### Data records
▶

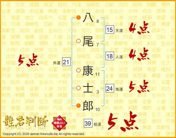 八(8画)尾(7画) 康(11画)士(3画)郎(10画)
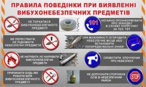 6. Категорично забороняється самостійно знешкоджувати вибухонебезпечні предмети. Це можуть робити тільки спеціально підготовлені фахівці.
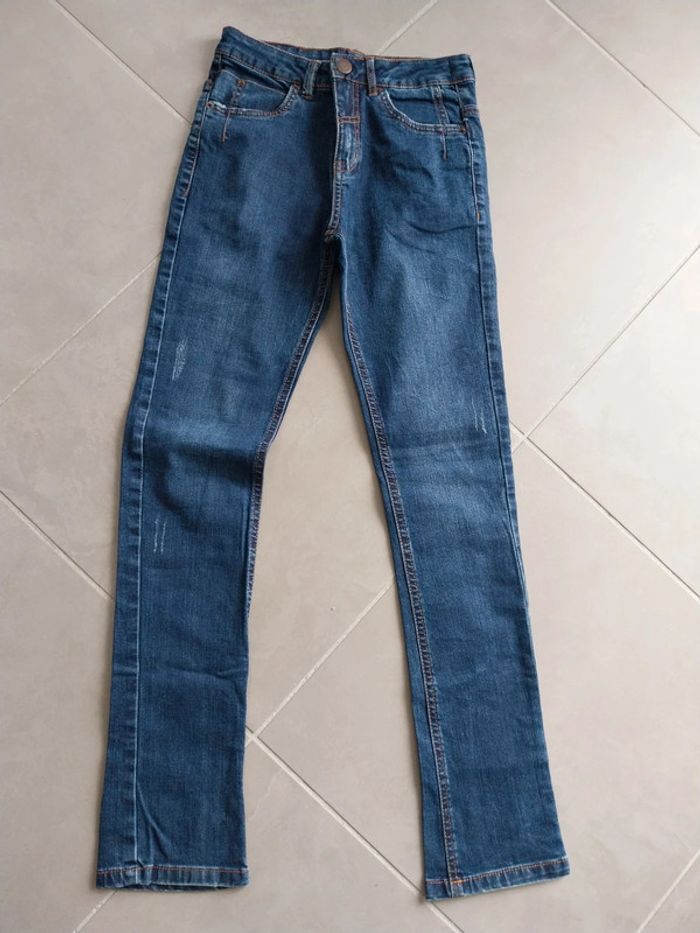 Jean's brut T 12 ans Marque Orchestra Coupe droite serre skinny Taille élastique réglable Fait abîmé à des endroits pour le style Bouton crochet 99% coton, 1% elasthanne Neuf jamais porte Vendu 4€ #T12ans_missteph37
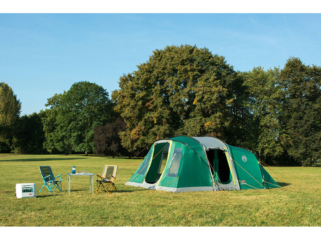 COLEMAN Oak Canyon 6 - Mimoriadne priestranný rodinný stan pre 6 osôb s odolnou hybridnou konštrukciou je skvelou voľbou na kempovanie vďaka prémiovej technológii BlackOut Bedroom® a veľkým panoramatickým oknám v predsieni.
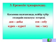 Дескриптор: Сөздерді көшіріп жазады-1б Түбір сөздің жазылуын өзгерткен қосымшаны атайды-1б Керемет!
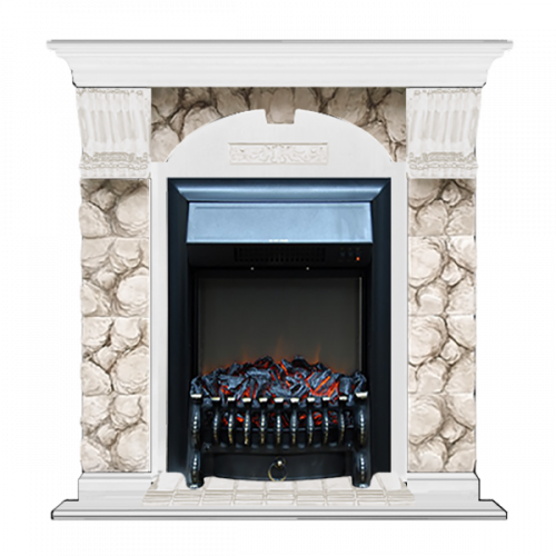 Каминокомплект Glenrich Арочный Карелия (белый)+Fobos Black
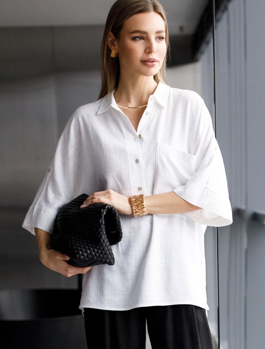 Состав: 70%Вис 30%ЛенБлузка выполнена изо льна с вискозой. Модель с цельнокроеным рукавом с застежкой на пату дополнена сольным карманом и застежкой на пуговицы из натурального перламутра. Сочетается в костюме с брюками D24.222 и шортами D28.052. Ткань изящно струится, почти не мнется и сохраняет форму в течении долгого времени, обладает высокой воздухопроницаемостью, обеспечивая комфорт даже в самое жаркое время года.
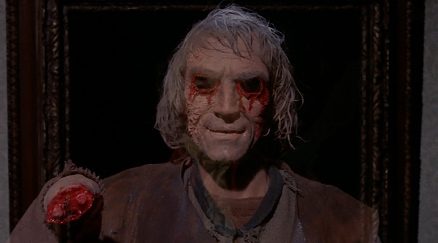 foray into feature-length horror from Amicus Productions, And Now the Screaming Starts! was released the same year as their final anthology horror films, Vault of Horror and From Beyond the Grave. However, the omnibus influence definitely shows here as the saga of an ill-fated married couple's horrific homecoming is splintered into a variety of subplots, flashbacks, and Brit-horror guest spots, all quite enjoyable even if it doesn't all necessarily click together in the end. In the late 1700s, Charles Fengriffin (Ogilvy) brings his new bride, Catherine (Beacham), home to his family estate where she immediately gets the shivers when looking at a painting of his brooding ancestor, Sir Henry (Lom). Meanwhile a disembodied, bloodstained hand skulks around the stairways, and during the night Catherine is molested by an eyeless, grinning apparition. No one believes her, of course, even when the domestics are also terrorized by various supernatural manifestations. Catherine's increasingly erratic behavior forces her husband to call on Dr. Whitte (Magee) and ultimately Dr. Pope (Cushing) to unravel the mystery, which is rooted in a barbaric act of upper-class sadism that still taints the Fengriffin name to this day.
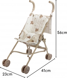 Tento štýlový kočík pre bábiky kombinuje pohodlie, bezpečie a praktickú skladnosť. Dvojité kolieska umožňujú plynulý pohyb, zatiaľ čo pevná, no ľahká konštrukcia sa behom chvíľky zloží do kompaktnej veľkosti. Krémové sedadlo s roztomilým vzorom medvedíkov dodáva hre čaro a láka k ďalším dobrodružstvám doma i vonku.
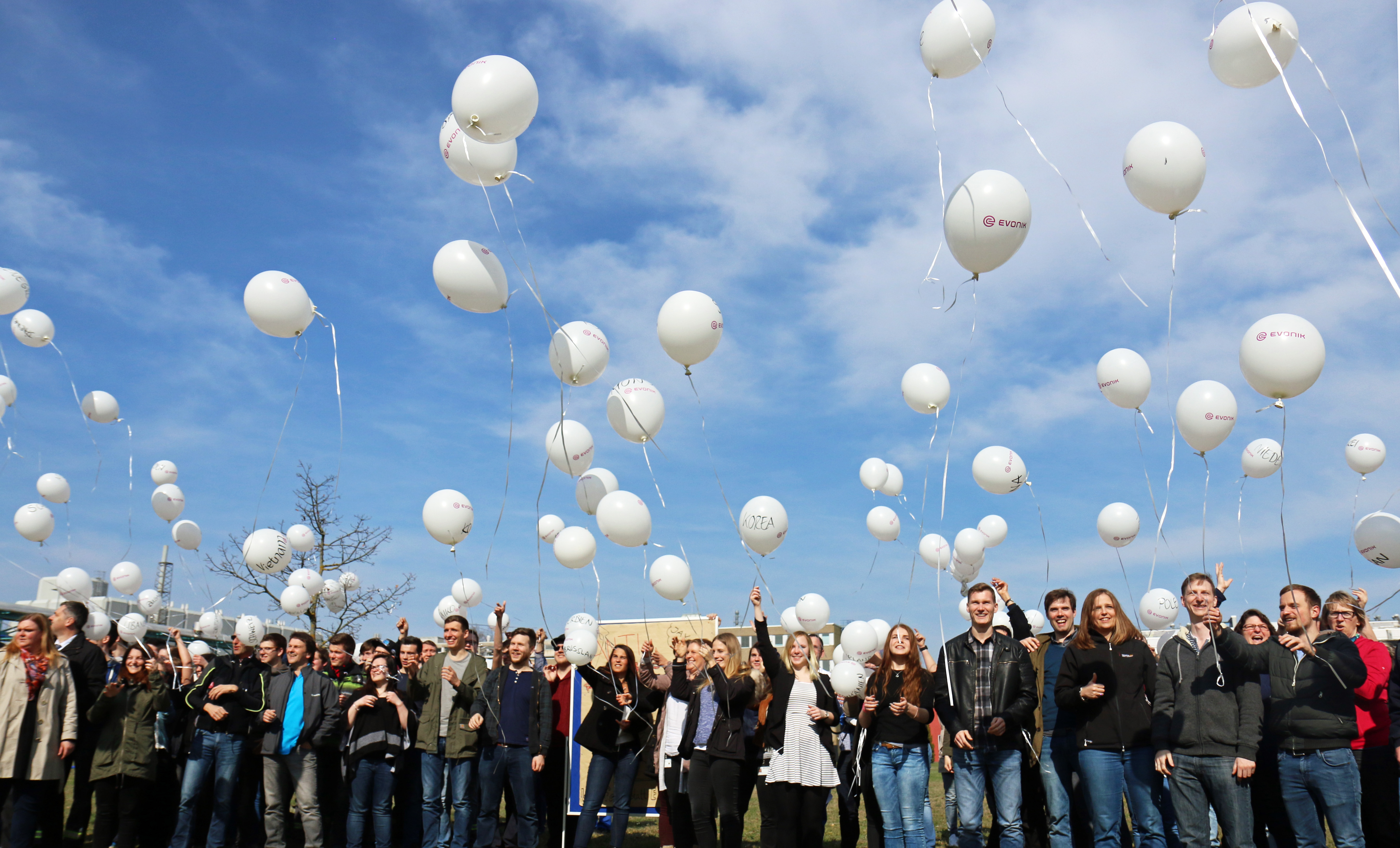 Hanau. Freitagnachmittag, 14 Uhr: Über dem Himmel des Industrieparks steigen unter lautem Beifall rund 150 Ballons in die Luft. Auf jedem Ballon steht der Name eines der 51 Länder aus denen die Mitarbeiter von Evonik am Standort Hanau stammen.
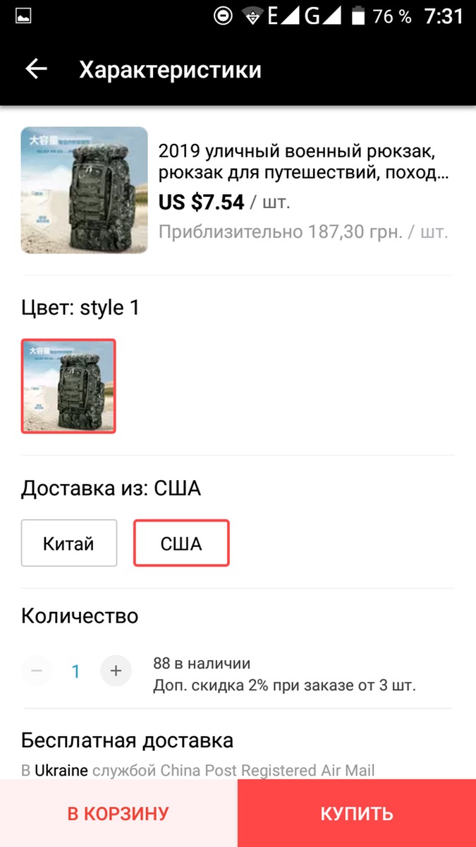 Цена товара с отправкой из США меньше цены с отправкой из Китая
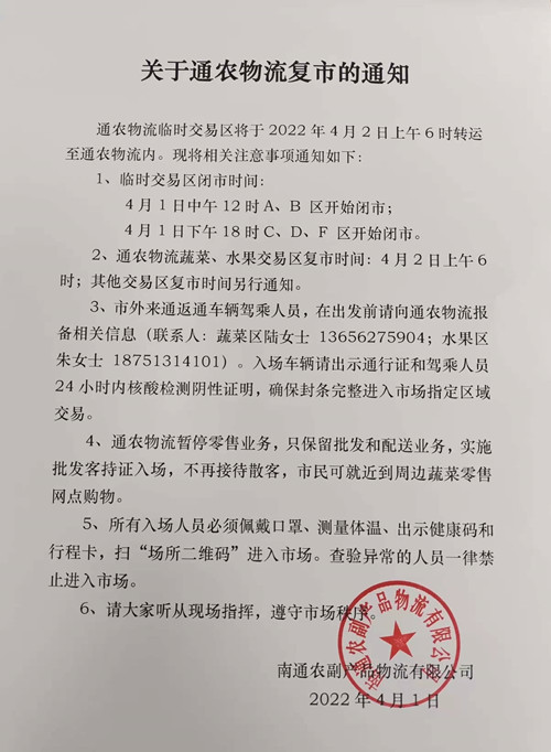 關于通農物流復市的通知
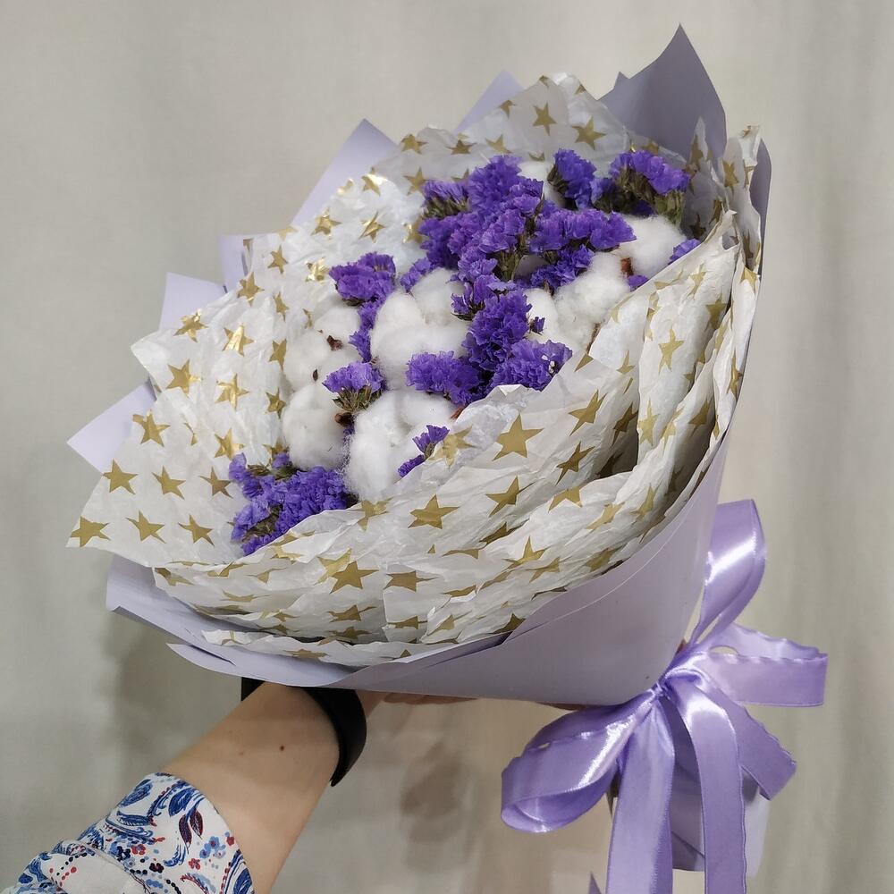 «Лавандовое созвездие» Букет из розы, гвоздики, статица и хлопка
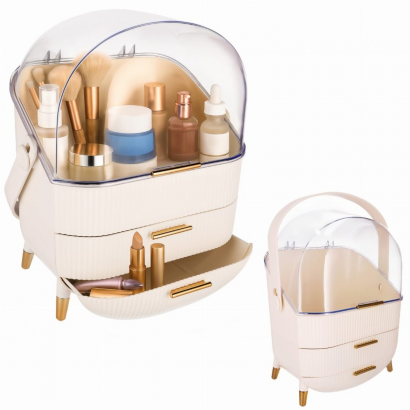 Víceúrovňová konstrukce – horní část s místem na lahve + spodní šuplíky na drobnostiOtevírací vršek – snadný přístup ke kosmeticeUniverzální design – skvěle se hodí jak do koupelny, tak na elegantní toaletní stolek Úspora místa – kompaktní, ale prostornýOdolnost proti vlhkosti – ideální pro použití v koupelněOdolný materiál – pevný plast, snadno se čistíEstetické provedení – skvěle vypadá a vystavuje kosmetiku
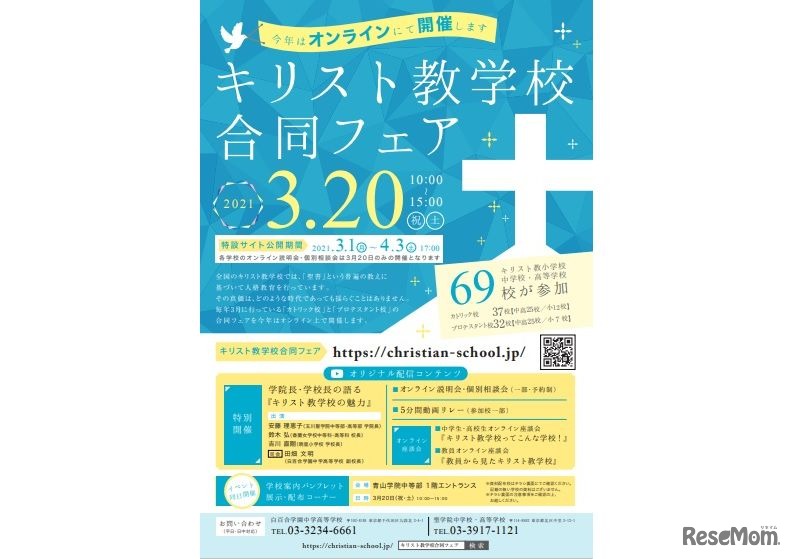 全国の「カトリック学校」と「プロテスタント学校」が、9回目となる「キリスト教学校合同フェア」を2021年3月20日にオンライン開催する。また、学校案内パンフレットの展示・配布コーナーを、青山学院中等部にて同日設ける。
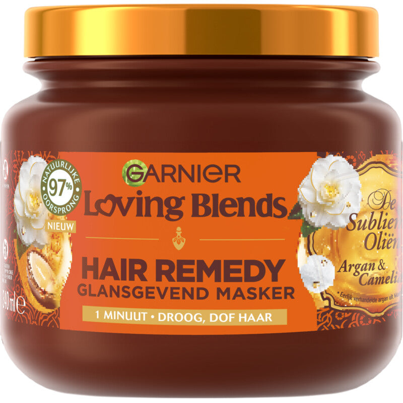Loving blends argan en cameliaolie masker is een voedend, glansgevend masker voor droog en dof haar, dat het haar in slechts 1 minuut tot 7x meer voedt. Je haar wordt in slechts 1 minuut tot 7x meer gevoed 97% natuurlijke oorsprong Zonder siliconen, voor een natuurlijk gevoel Eerlijk verhandelde biologische arganolie uit Marokko

◀

### Exercise objective
Give again, exactly, the lines from the start of the data through the one holding "Каминокомплект Glenrich Арочный"; omit the pictures.

### Exercise response
 八(8画)尾(7画) 康(11画)士(3画)郎(10画)
 6. Категорично забороняється самостійно знешкоджувати вибухонебезпечні предмети. Це можуть робити тільки спеціально підготовлені фахівці.
 Jean's brut T 12 ans Marque Orchestra Coupe droite serre skinny Taille élastique réglable Fait abîmé à des endroits pour le style Bouton crochet 99% coton, 1% elasthanne Neuf jamais porte Vendu 4€ #T12ans_missteph37
 COLEMAN Oak Canyon 6 - Mimoriadne priestranný rodinný stan pre 6 osôb s odolnou hybridnou konštrukciou je skvelou voľbou na kempovanie vďaka prémiovej technológii BlackOut Bedroom® a veľkým panoramatickým oknám v predsieni.
 Дескриптор: Сөздерді көшіріп жазады-1б Түбір сөздің жазылуын өзгерткен қосымшаны атайды-1б Керемет!
 Каминокомплект Glenrich Арочный Карелия (белый)+Fobos Black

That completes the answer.